Joby Burgess - percussion
Matthew Fairclough - sound design
Kathy Hinde - visuals
The Capstone Theatre
6th February 2014

Reviewed by Joe Coventry

Powerplant are a collective that brings together virtuoso percussion, tailored video backdrops and looped electronic sounds. On stage tonight the limelight fell only on Joby Burgess, but the backdrop visuals and electronic soundscape where equally as striking.

The closely packed performance space, replete with drum set, xylosynth, (a souped up xylophone), and assorted electronica awaited the seasoned and well travelled recording artist as the lights dimmed on an anticipatory crowd of all ages, which half-filled the auditorium.

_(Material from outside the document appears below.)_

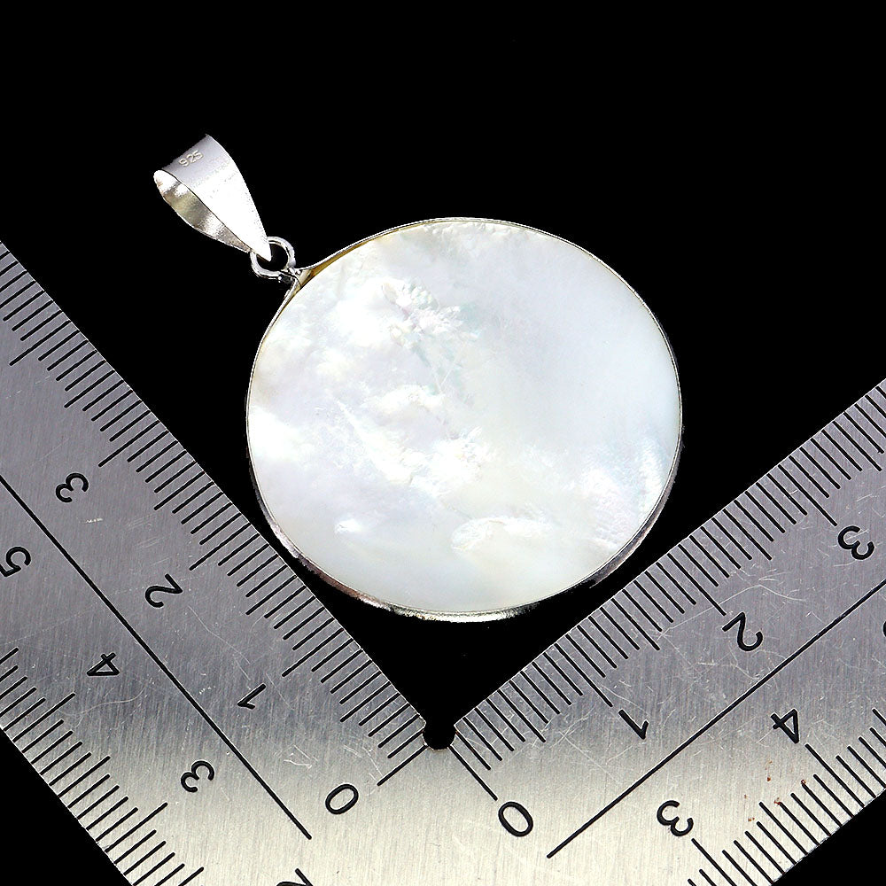 925 Sterling Silver Pendant Round Mother Of Pearl 29mm Natural Gemstone Jewelry

First up was Conlon Nancarrow's 'Piece for Tape (for Percussion'), in an arrangement by Dominic Murcott. A good piece to get the hands going and the loops whirring. Daguerrotype horses gaits on the screen set the rhythm for drums and xylosynth.

The shift to Venevulan Javier Alvarez's inspired electro-taping of Mexican and Latin American cultures, saw a performance for improvisatory maracas and oil drum, the pre-recorded sounds invoking pan-pipes above an increasingly dark miasmal drift, but it came alright at the end with some blue sky calypso shaking.

A glass of Shiraz in the lounge awaited after Gabriel Prokoviev's 28 minute 'Import/Export -suite for global junk'. In seven parts for oil drum, wooden pallette, plastic bags, fizzy lemonade drink bottles and associated software, it was a rollercoaster ride of western industrial progress.

The backdrop video, capturing the rampant exploitation of the earth's natural resources, was all oil rigs, saw mills, bulging cargo holds, land abuse and ethnic manual labour striving under the ambivalence of capitalism's inexorable advances.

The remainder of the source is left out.